Elle s’assit, comme le lui invitait le docteur, après avoir observé longuement la chaise pour essayer de discerner quelques étranges anomalies qui n’existaient pas. Cardiologue, non il ne l’était pas, à moins d’avoir monté une arnaque en apposant à côté de sa porte une plaque de gynécologue ou d’avoir passé un demi-siècle à gratter à l’université. Cependant, trop impatiente à l’idée de se revigorer le corps et l’esprit avec de la caféine, la mairesse ne releva pas l’ineptie de Crinière Cendrée. On tambourina à la porte ― sans aucun doute l’œuvre du mutant de l’accueil ― et amena la précieuse boisson chaude. « J’espère que c’est du cacao colombien nourri à l’engrais de cannabis, beaucoup plus fort que le café basique. Mais ce n’est pas pour les femmelettes... » Sue ne put se retenir de lancer un regard provocateur à Bright. Pendant qu’elle se faisait une idée sur la qualité de la boisson stimulante qu’on lui avait proposée imposée, le jeune homme ne cessait de déblatérer comme un poulet en chaleur, si bien que l’ex entraîneuse de MacKinley ne savait plus trop si c’était la voix du roux ou une surdose de drogue dans son café qui lui donnait mal au crâne.

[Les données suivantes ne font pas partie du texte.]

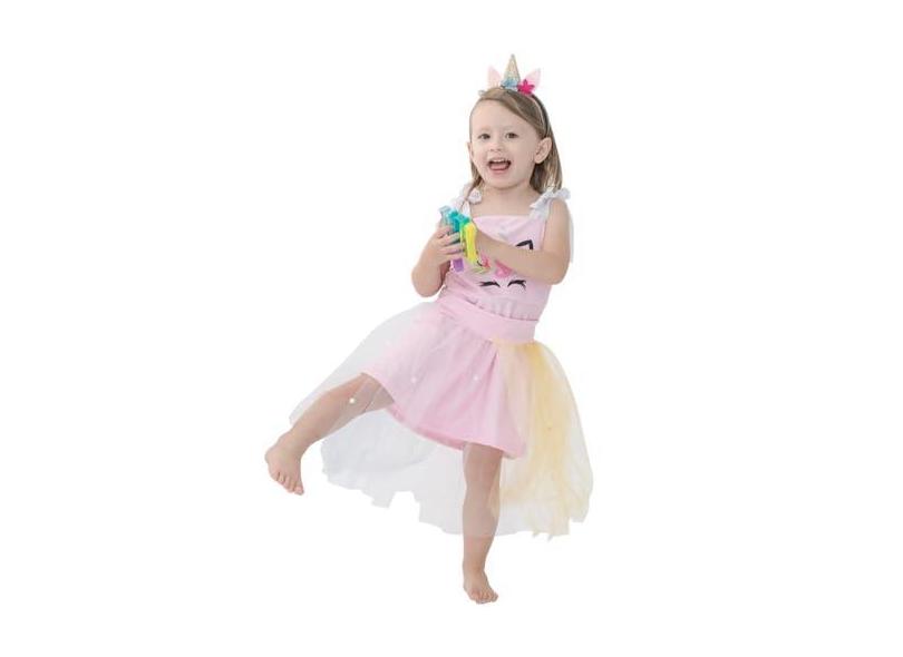 Vestido Infantil Fantasia Menina Halloween Unicórnio Tiara

La question chère aux pédagogues ratés diplômés grâce à on ne savait quel établissement louche tomba enfin. Non, elle ne suivait plus, et depuis le début pour ainsi dire. Les toubibs ne devaient pas savoir qu’ils parlaient un langage parallèle que, en dehors de leur bulle médico-prophylaxique, n’était absolument pas compris du reste de la population. « Je vous arrête de suite. Vous trouvez que je fais... 50 ans ?!? » Et de son bras libre, elle fit un geste de sa tête au pied afin qu’il s’arrêtât un instant sur sa parfaite silhouette et qu’il réévaluât au plus vite sa lamentable estimation. La cinquantaine, c’est entre 50 et 59 ans ? Les gens la voyaient-elles comme un fossile proche de la retraite ? Elle qui n’avait que la trentaine ― de surcroît plus dans la première moitié que dans la seconde !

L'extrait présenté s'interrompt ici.